I never dated this draft, but I believe I wrote Snare more than a decade ago. It's based on a book I don't have rights to. I recall wanting to try a book-to-screenplay writing assignment and chose this one (thank you, unnamed popular horror author with the initials PS). I never returned to the project after that first long draft.
Looking back after all this time, yeah, I think the writing holds up. A few quirky stylistic mannerisms that I've since shaken loose, but the writing does the job. Storywise, I see now it meanders a little and needs tightening. These first ten pages bristle with looming conflict, but I sure take my sweet time.
For this 10PTT, as usual, I've left the original dialogue unedited. I tinker with the description only.
So. Snare, page 1. Here we go.
"It is a chilly, windy night." Aye carumba. Imagine a storyteller sitting among a flock of kindergarten kids and she kicks off with that line. Stilted indeed. Loosey goosey. Shake it out. Write it like you're that storyteller talking face to face with those kids. "It's a chilly, windy night. Pale blue light from a full moon makes the graves and headstones glow as if lit from within..."
At (1): We've got 'roadhouse' in the slug. No need for repetition here.
At (2): Toward/towards -- both correct. Just use them consistently. Later on this page I use 'toward' so let's pick one and stick with it.
"out of" -> "from" -- never stop looking for contractions, where you can substitute one word for two. Generally, less words take less time to comprehend. And fewer words means less space consumed on the page. The small savings add up.
At (3): "From the roadhouse comes the music of a country-and-western band" -> "From the roadhouse comes country-and-western music" -- the rearrangement helps the brain parse the sentence fluidly. In the former version, the brain receives 'roadhouse' > 'music' > 'country and western'. In the second version the brain processes 'roadhouse' > 'country and western' > 'music': when we hit 'music' we already know what type it is. Yes, this is pedantic. Welcome to my Obsessive Writer World. But these little things
do help to speed comprehension. The less time your reader's brain takes to form the intended thoughts, the more your writing engages.
Let's stick with the topic of minutia. "From the roadhouse comes country-and-western music." "Country-and-western music comes from the roadhouse." What's the difference? Comprehension. While reading, the mind constantly juggles whatever information it has at the time, trying to make sense of it all. New pieces get added and the mind juggles again, searching for the most appropriate meaning based on everything supplied so far. This happens quickly, of course. But you can speed it along by placing your spatial and chronological cues up front. Give the reader's mind the important bits early, so it can build a foundation in time and space and easily slot in the remaining parts of the sentence.

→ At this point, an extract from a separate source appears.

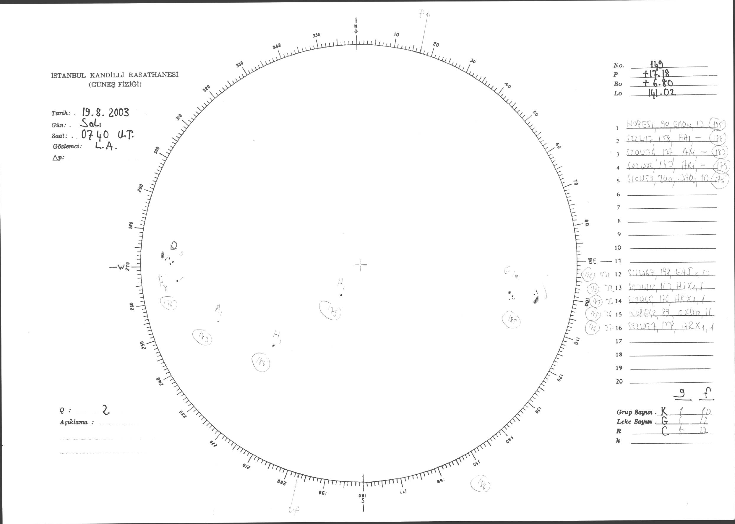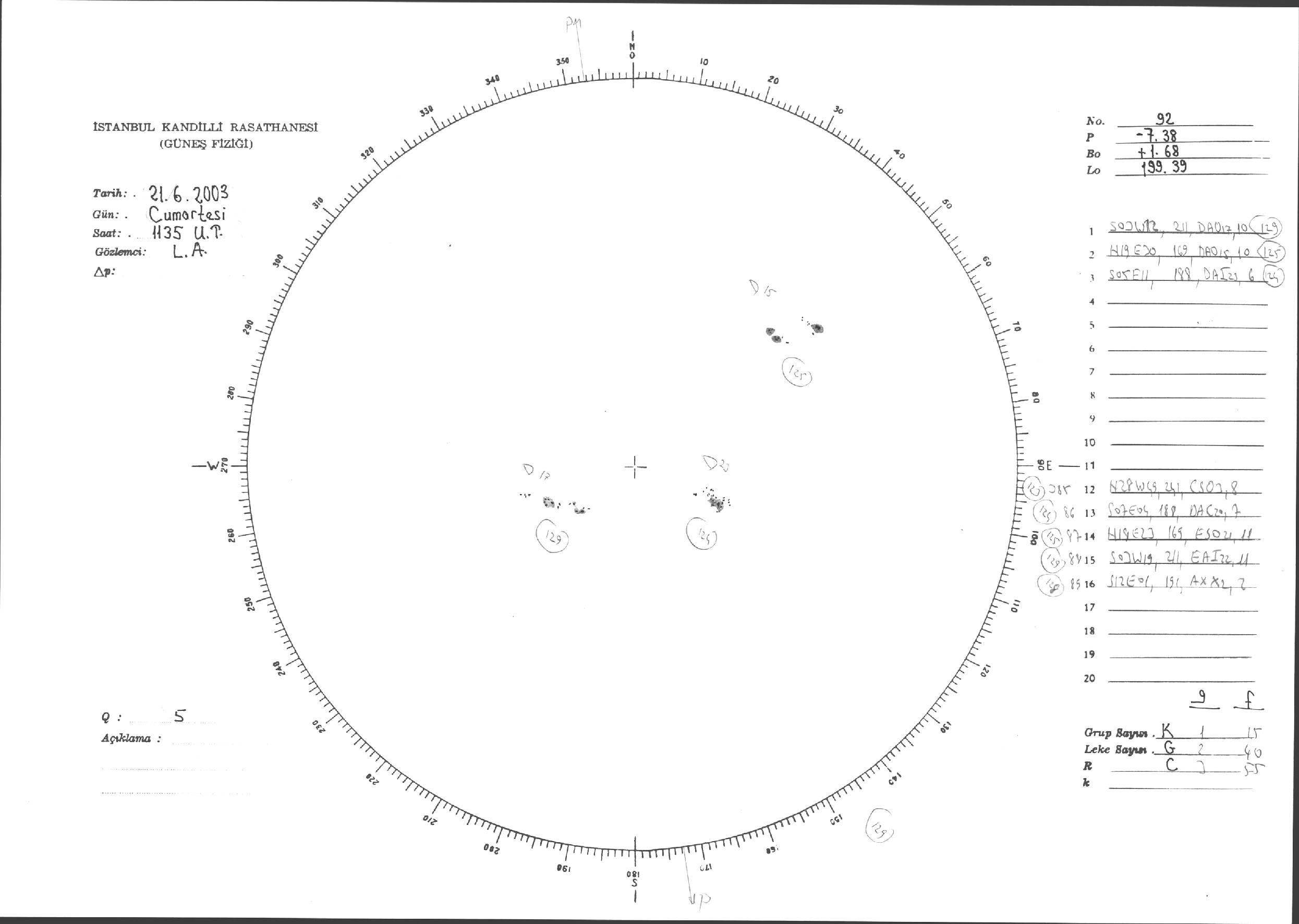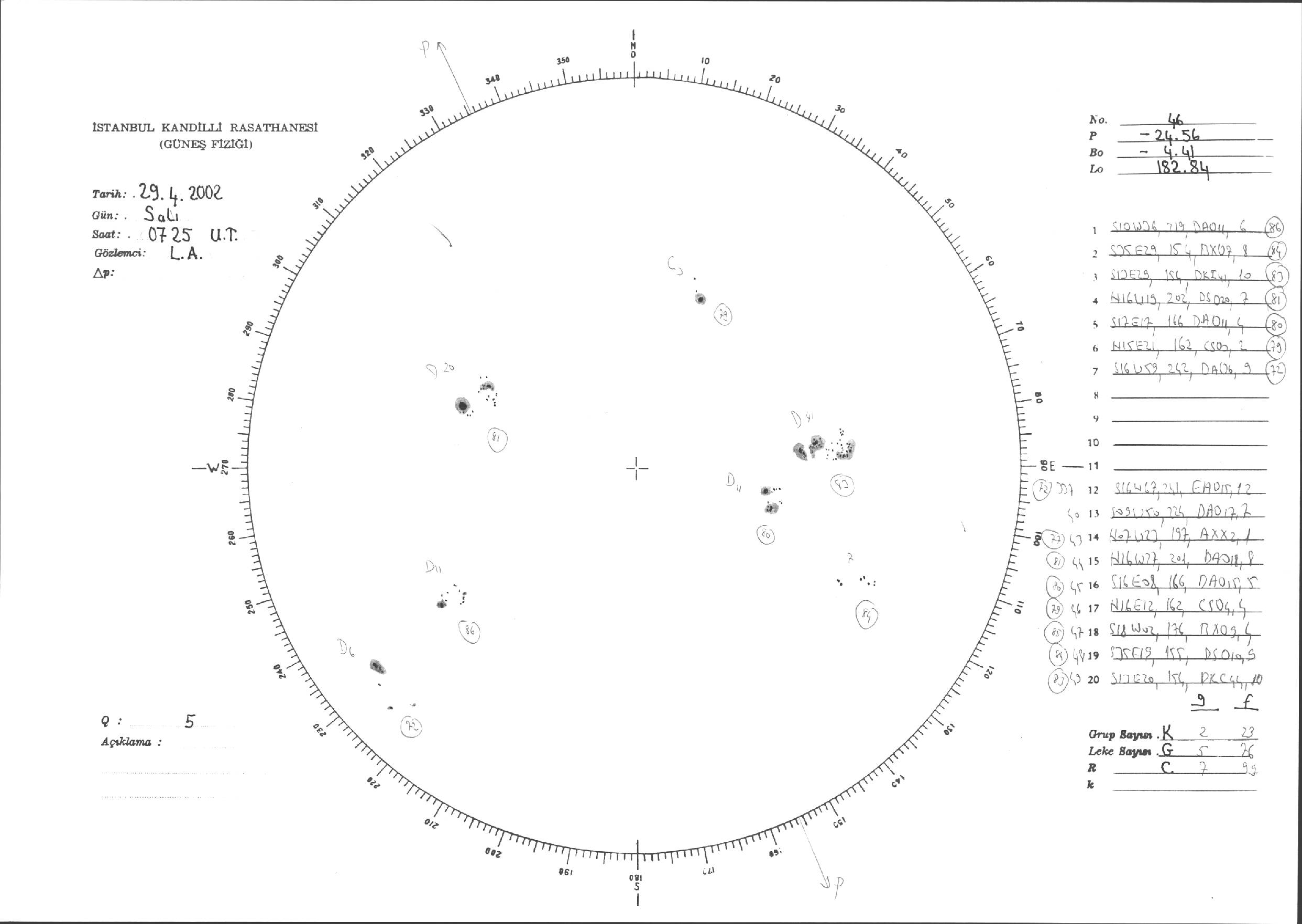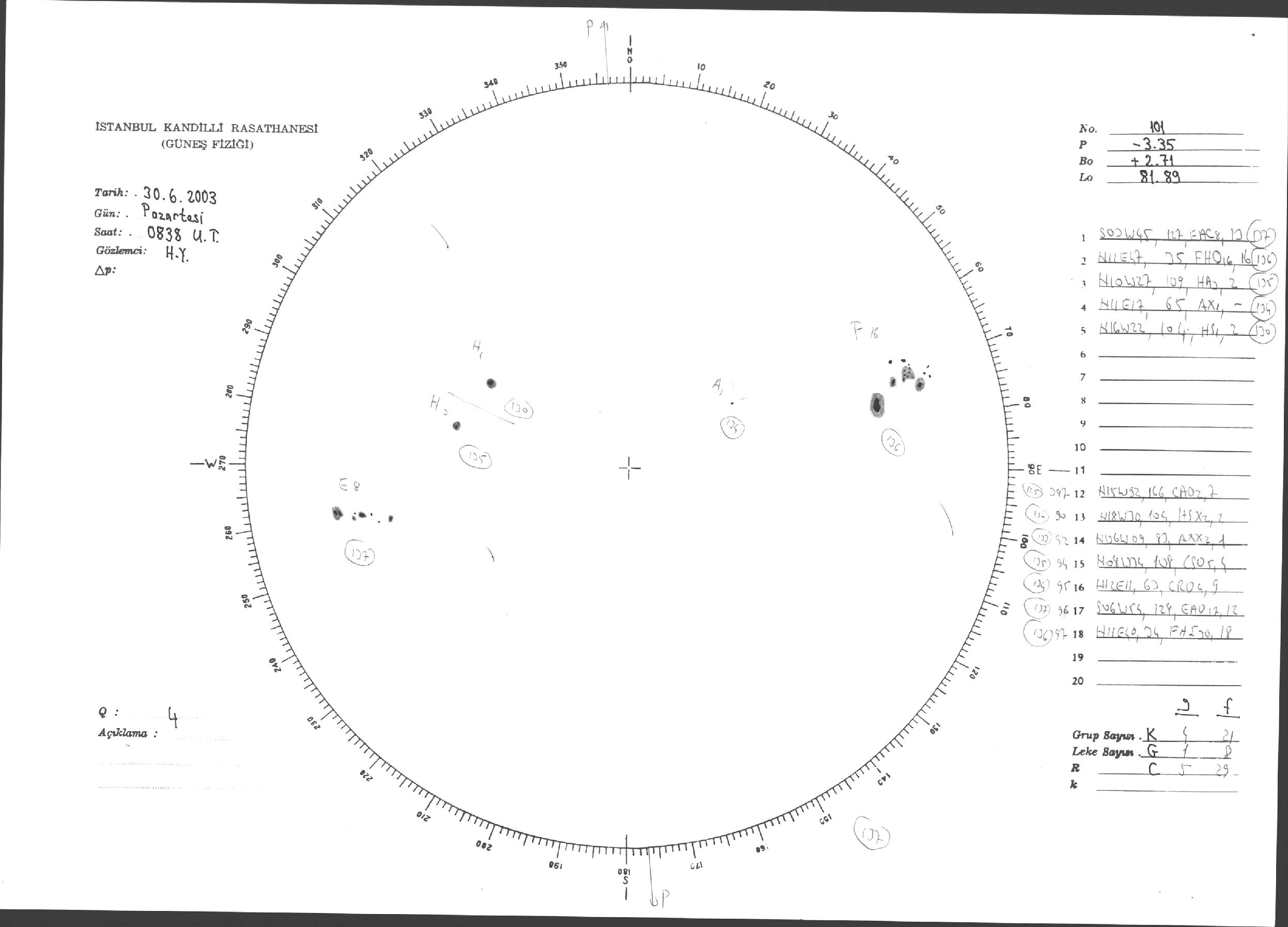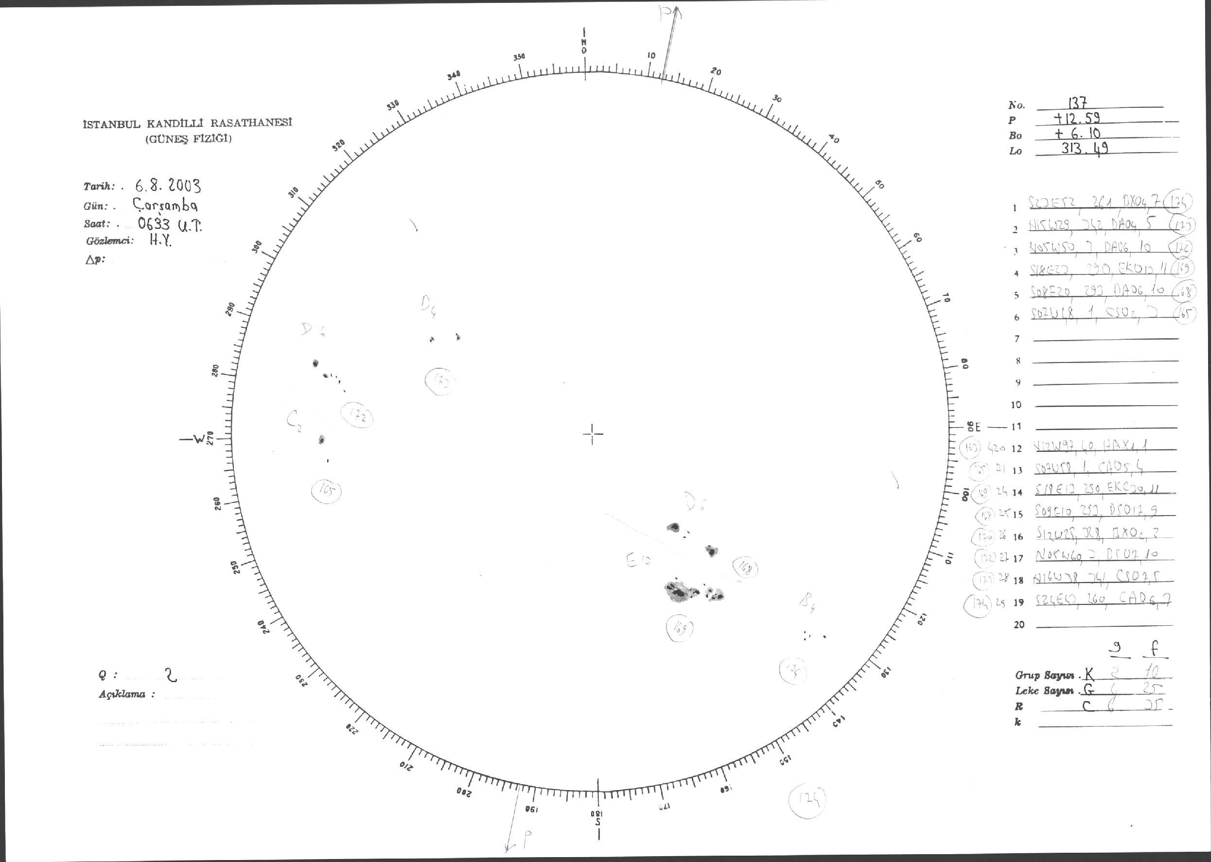 Güneş Lekesi Çizimleri / Kandilli Sunspot Drawings

At (4): "Gwen immediately fidgets with the..." -> "Gwen fidgets with the..." Redundant word. With the added bonus of pulling back the sentence to one line instead of two. Always look for sentence blocks where you can lose a word or two and reclaim a line of whitespace. Any way you can save whitespace is a good thing. Screenwriting today is all about slim, low-page-count scripts. Yes, the more literary screenwriting style from the forties through seventies is nice. Maybe the tables will turn back one day. Right now, every word must earn its place on the page.